Exercise directions »
Reproduce the records that follow without alteration, apart from removing the pictures.
────────────────────
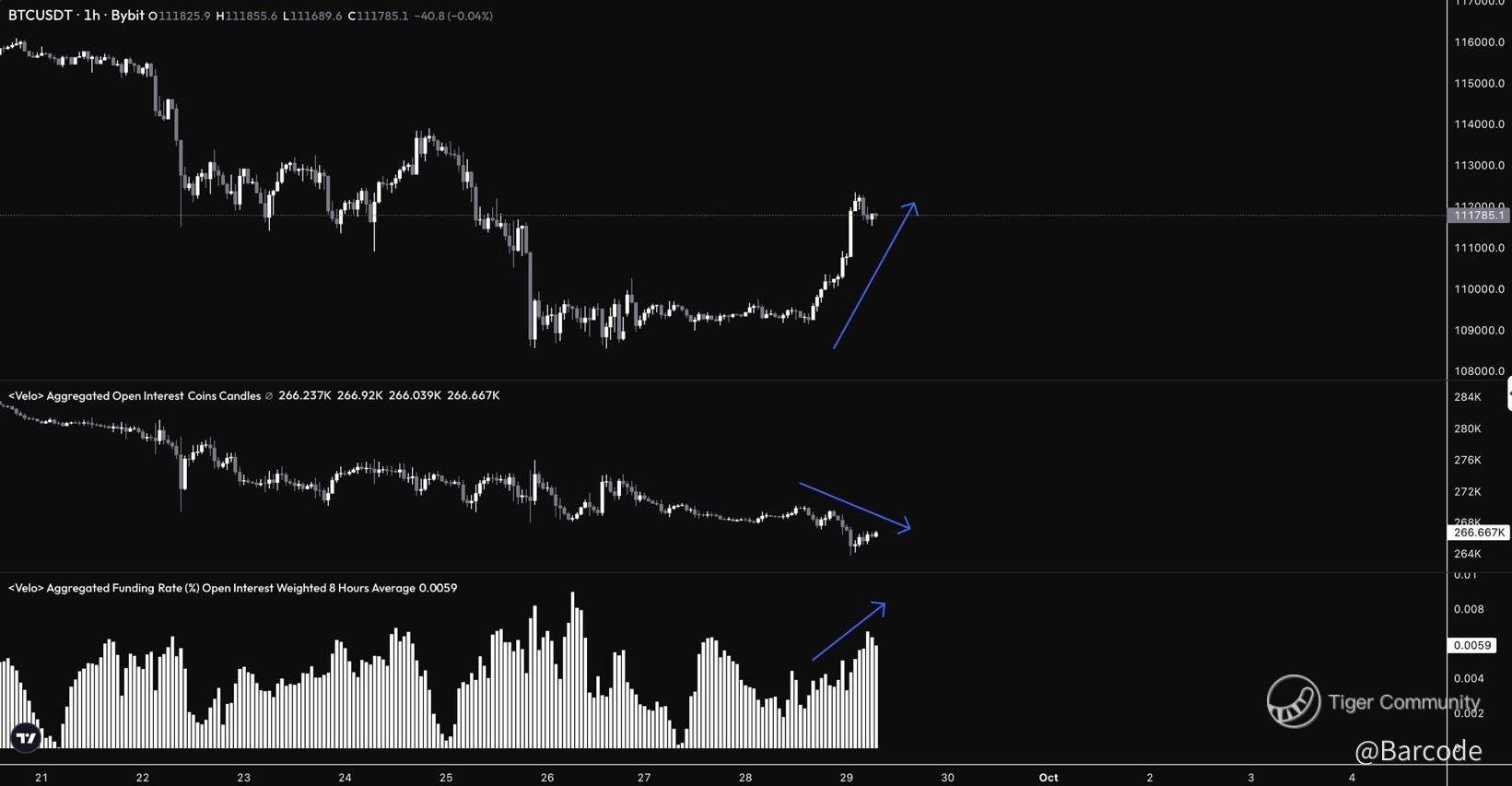 🖼 Chart 1 – BTCUSDT + OI + Funding divergence (1H Bybit)
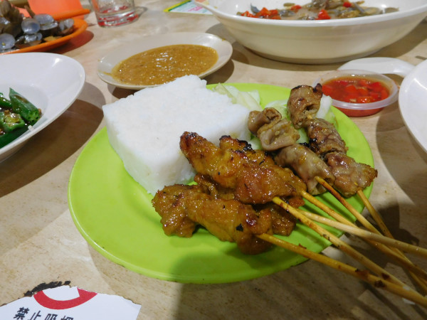 サテへいこう。ここのサテは肉のほかにモツも入っている。しかも、ありがちな甘いタレではない。日本の焼鳥屋を思い出す。日本酒がほしい。
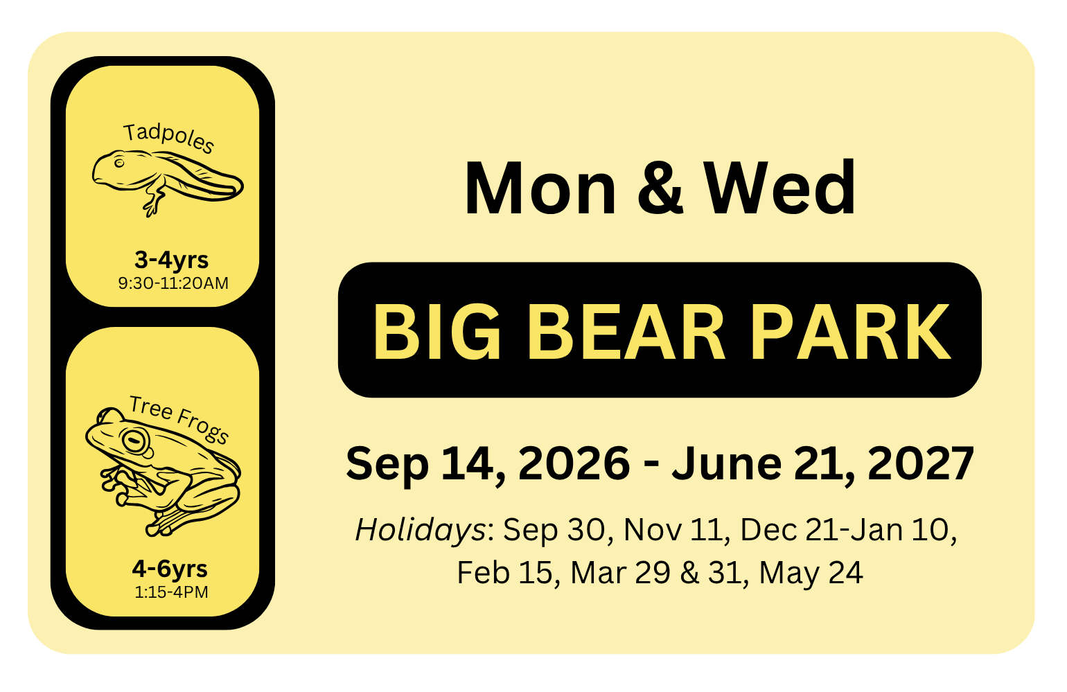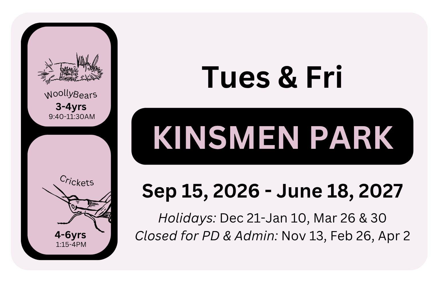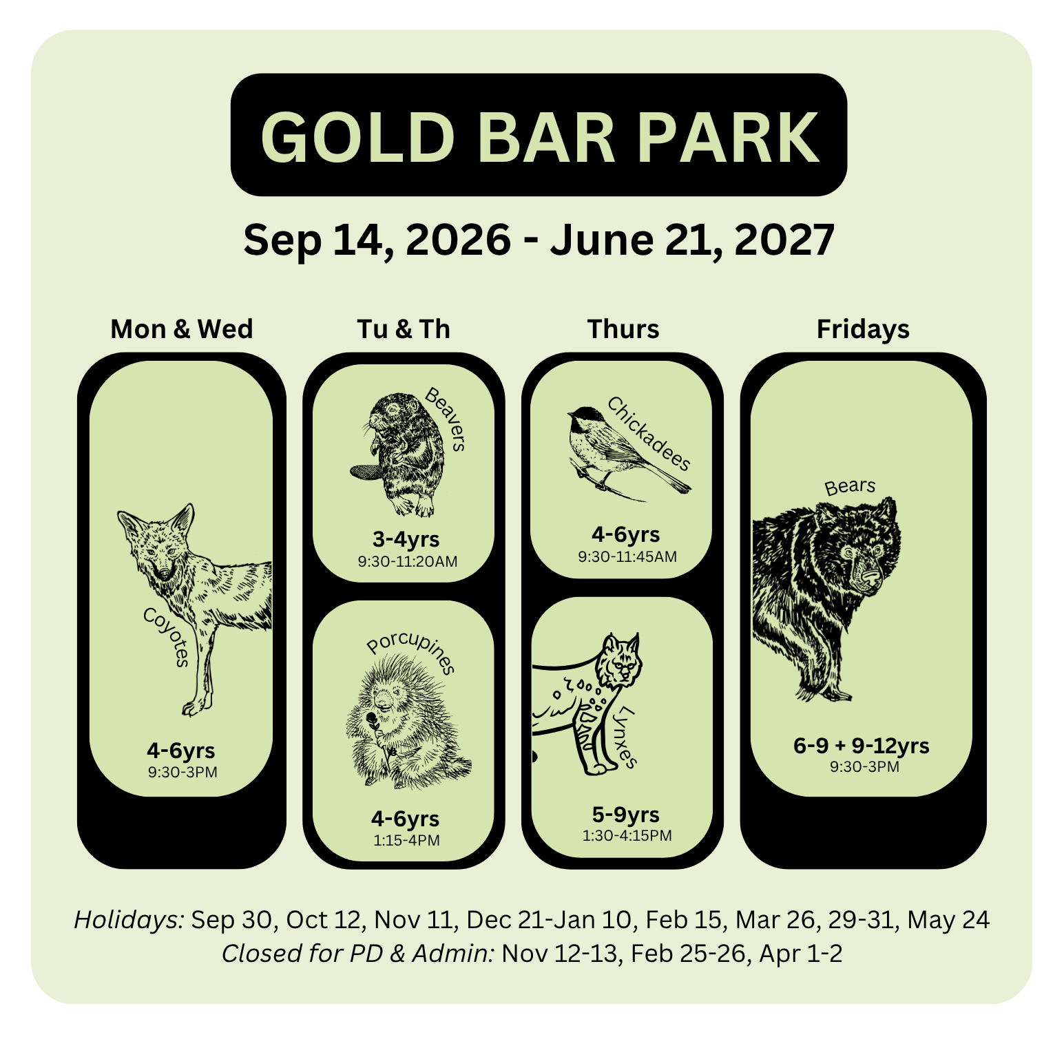 Programs run September 14, 2026 to June 21, 2027
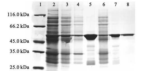 圖1失活型VhPLD的表達(dá)與純化SDS-PAGE電泳圖注:1.蛋白marker;2.菌體破碎液;3.菌體破碎后離心所得上清液;4.菌體破碎后離心所得沉淀;5.鎳柱純化所得100 mmol/L咪唑洗脫峰樣品;6.鎳柱純化的上樣穿過(guò)峰樣品;7.G-25柱純化的洗脫峰樣品;8.Q柱純化的300 mmol/L氯化鈉梯度洗脫峰樣品。
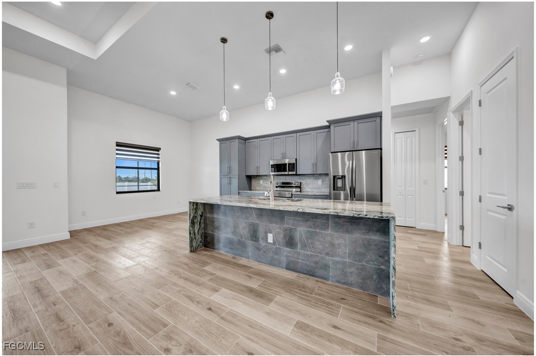 This beautifully designed 3-bedroom with Den, 3-bathroom home includes two primary suites with walk-in closets and frameless glass showers, plus a versatile den that can serve as a 4th bedroom or office. The gourmet kitchen features a large island, stainless steel appliances, and solid wood cabinetry with granite countertops.
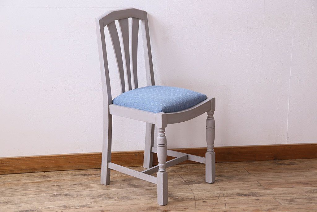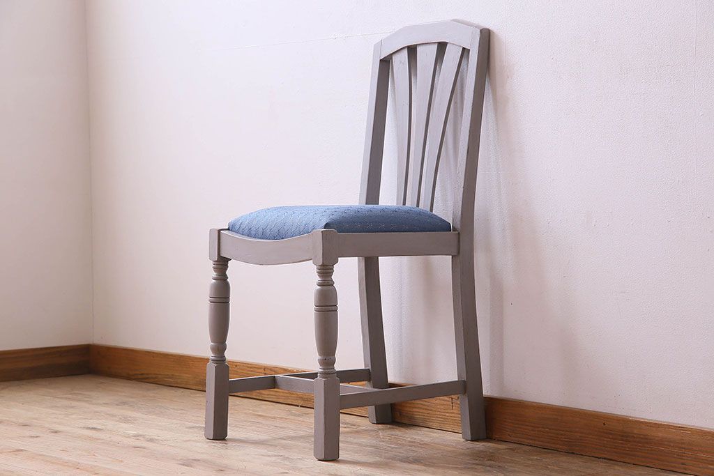 アンティーク家具 ペイント オーク材 シックなイギリスアンティークチェア(2)
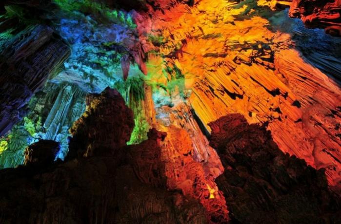 Одна из самых роскошных пещер Китая, огромная, похожая на декорации к фэнтэзи, обладает невероятным залом с подземным озером, где любая фотография напоминает тщательную обработку в фотошопе. Но здесь - это абсолютная реальность. источник:http://www.joker-6.ru/post293898565/
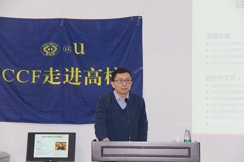 2016年12月18日,“CCF走进高校”系列公益讲座在陕西师范大学举行。CCF常务理事、副秘书长,奇虎360首席安全官谭晓生先生以“网络空间安全”为题作了精彩报告。报告由计算机科学学院院长王小明教授主持,学院教师、研究生及本科生近200人聆听了本次报告会,会场座无虚席。
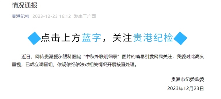 ·貴港市紀(jì)委通報(bào)“網(wǎng)傳愛(ài)爾眼科中秋外聯(lián)明細(xì)表”:已成立調(diào)查組,對(duì)相關(guān)情況開(kāi)展核查處理。據(jù)早前報(bào)道,網(wǎng)友爆料發(fā)布了兩張標(biāo)為“中秋外聯(lián)明細(xì)表”的圖片,其中涉及42名公職人員以及59000元額度的購(gòu)物卡,并在評(píng)論中透露上述圖片的涉事單位為貴港愛(ài)爾眼科醫(yī)院。
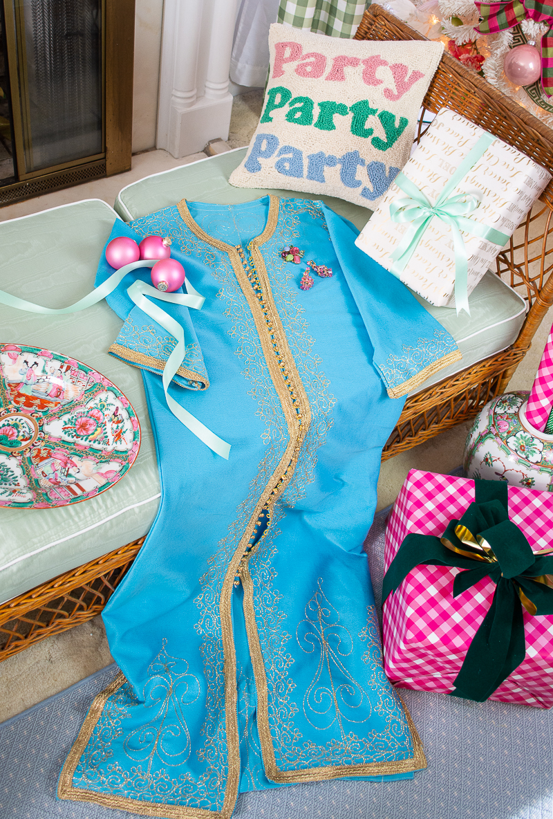 Have a glamorous fashion loving grandmillennial on your gift list? This vintage caftan in aqua with gold detailing will absolutely delight her!
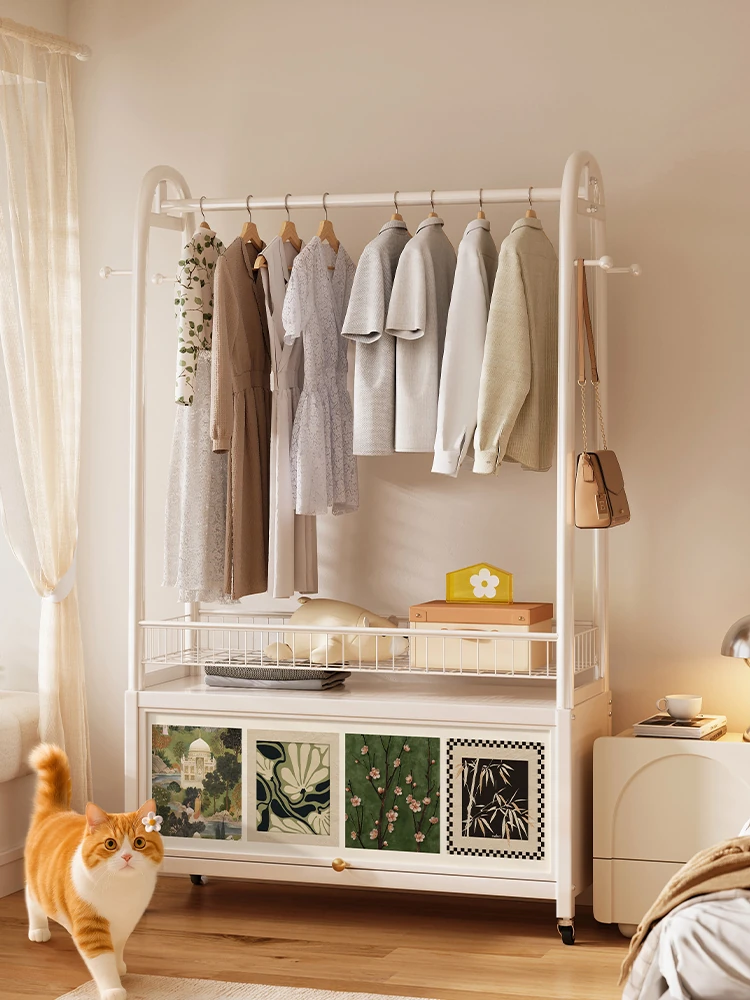 美世达のリビング用コートハンガー - 移動可能なクリームカラーの衣類ラック、オシャレで実用的!寝室やリビングに最適な収納アイテム!
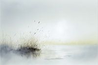 Aquarel van een mistige ochtend vanaf de oever van een meertje of ven. De ochtendzon probeert door de mist te komen. Deze minimalistische opzet geeft de compositie een ruimtelijk gevoel en trekt de aandacht naar het bosje riet links. De nevel en het magere zonnetje zijn goed gevangen en dit werk zal goed staan in zowel een moderne als…
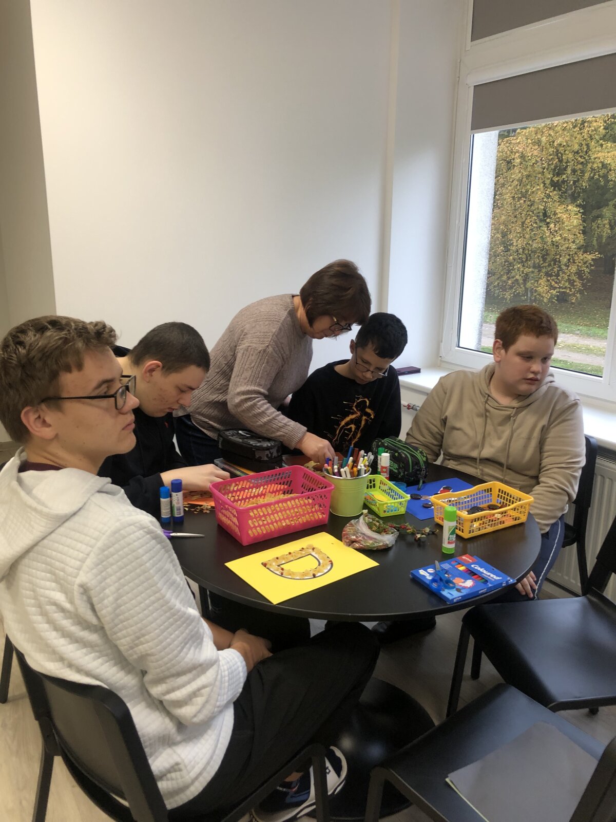 Minint Disleksijos pažinimo savaitę specialioji pedagogė J. Balevičiūtė ir specialiųjų klasių mokytojos V. Burdulienė, Ž. Klimienė vedė pamoką „Mano vardas iš gamtos: kiekvienas kuriame ir skaitome kitaip“. Kiekviena raidelė gali turėti paslėptą prasmę, nuotaiką ar net istoriją. Specialioji pedagogė teigė, kad tokiu būdu raidės ir išmokstamos kitaip – per vaizduotę, pojūčius ir meną. Ji pakvietė atlikti kūrybinę užduotį – paversti savo vardo raidę savitu piešiniu, kuriame raidė tampa fantazijos įrankiu. Mokiniai iš gamtinės medžiagos: kaštonų, gilių, lapelių, uogų, šakelių ir spalvoto popieriaus dekoravo savo vardo raides. Kiekvienas pristatė savo darbus, reflektavo ir įsivertino savo vardo raideles, suteikdami joms prasmingą būvį.
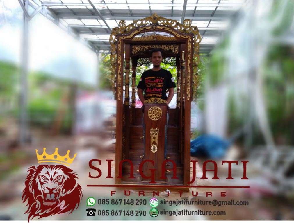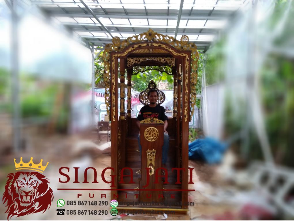 Mimbar Kaligrafi Ukir Jepara Atap Kubah Masjid Kayu Jati
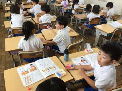 1年生の算数の授業では、「8はいくつといくつ」をめあてに学習を進めました。隣の児童同士でペアになり、8個のおはじきを両手に分けて持ち、それぞれの手に持っているおはじきの数を言い合うことで学びを深めていました。
────────────────────
Answer to the problem »
 🖼 Chart 1 – BTCUSDT + OI + Funding divergence (1H Bybit)
 サテへいこう。ここのサテは肉のほかにモツも入っている。しかも、ありがちな甘いタレではない。日本の焼鳥屋を思い出す。日本酒がほしい。
 Programs run September 14, 2026 to June 21, 2027
 圖1失活型VhPLD的表達(dá)與純化SDS-PAGE電泳圖注:1.蛋白marker;2.菌體破碎液;3.菌體破碎后離心所得上清液;4.菌體破碎后離心所得沉淀;5.鎳柱純化所得100 mmol/L咪唑洗脫峰樣品;6.鎳柱純化的上樣穿過(guò)峰樣品;7.G-25柱純化的洗脫峰樣品;8.Q柱純化的300 mmol/L氯化鈉梯度洗脫峰樣品。
 This beautifully designed 3-bedroom with Den, 3-bathroom home includes two primary suites with walk-in closets and frameless glass showers, plus a versatile den that can serve as a 4th bedroom or office. The gourmet kitchen features a large island, stainless steel appliances, and solid wood cabinetry with granite countertops.
 アンティーク家具 ペイント オーク材 シックなイギリスアンティークチェア(2)
 Одна из самых роскошных пещер Китая, огромная, похожая на декорации к фэнтэзи, обладает невероятным залом с подземным озером, где любая фотография напоминает тщательную обработку в фотошопе. Но здесь - это абсолютная реальность. источник:http://www.joker-6.ru/post293898565/
 2016年12月18日,“CCF走进高校”系列公益讲座在陕西师范大学举行。CCF常务理事、副秘书长,奇虎360首席安全官谭晓生先生以“网络空间安全”为题作了精彩报告。报告由计算机科学学院院长王小明教授主持,学院教师、研究生及本科生近200人聆听了本次报告会,会场座无虚席。
 ·貴港市紀(jì)委通報(bào)“網(wǎng)傳愛(ài)爾眼科中秋外聯(lián)明細(xì)表”:已成立調(diào)查組,對(duì)相關(guān)情況開(kāi)展核查處理。據(jù)早前報(bào)道,網(wǎng)友爆料發(fā)布了兩張標(biāo)為“中秋外聯(lián)明細(xì)表”的圖片,其中涉及42名公職人員以及59000元額度的購(gòu)物卡,并在評(píng)論中透露上述圖片的涉事單位為貴港愛(ài)爾眼科醫(yī)院。
 Have a glamorous fashion loving grandmillennial on your gift list? This vintage caftan in aqua with gold detailing will absolutely delight her!
 美世达のリビング用コートハンガー - 移動可能なクリームカラーの衣類ラック、オシャレで実用的!寝室やリビングに最適な収納アイテム!
 Aquarel van een mistige ochtend vanaf de oever van een meertje of ven. De ochtendzon probeert door de mist te komen. Deze minimalistische opzet geeft de compositie een ruimtelijk gevoel en trekt de aandacht naar het bosje riet links. De nevel en het magere zonnetje zijn goed gevangen en dit werk zal goed staan in zowel een moderne als…
 Minint Disleksijos pažinimo savaitę specialioji pedagogė J. Balevičiūtė ir specialiųjų klasių mokytojos V. Burdulienė, Ž. Klimienė vedė pamoką „Mano vardas iš gamtos: kiekvienas kuriame ir skaitome kitaip“. Kiekviena raidelė gali turėti paslėptą prasmę, nuotaiką ar net istoriją. Specialioji pedagogė teigė, kad tokiu būdu raidės ir išmokstamos kitaip – per vaizduotę, pojūčius ir meną. Ji pakvietė atlikti kūrybinę užduotį – paversti savo vardo raidę savitu piešiniu, kuriame raidė tampa fantazijos įrankiu. Mokiniai iš gamtinės medžiagos: kaštonų, gilių, lapelių, uogų, šakelių ir spalvoto popieriaus dekoravo savo vardo raides. Kiekvienas pristatė savo darbus, reflektavo ir įsivertino savo vardo raideles, suteikdami joms prasmingą būvį.
 Mimbar Kaligrafi Ukir Jepara Atap Kubah Masjid Kayu Jati
 1年生の算数の授業では、「8はいくつといくつ」をめあてに学習を進めました。隣の児童同士でペアになり、8個のおはじきを両手に分けて持ち、それぞれの手に持っているおはじきの数を言い合うことで学びを深めていました。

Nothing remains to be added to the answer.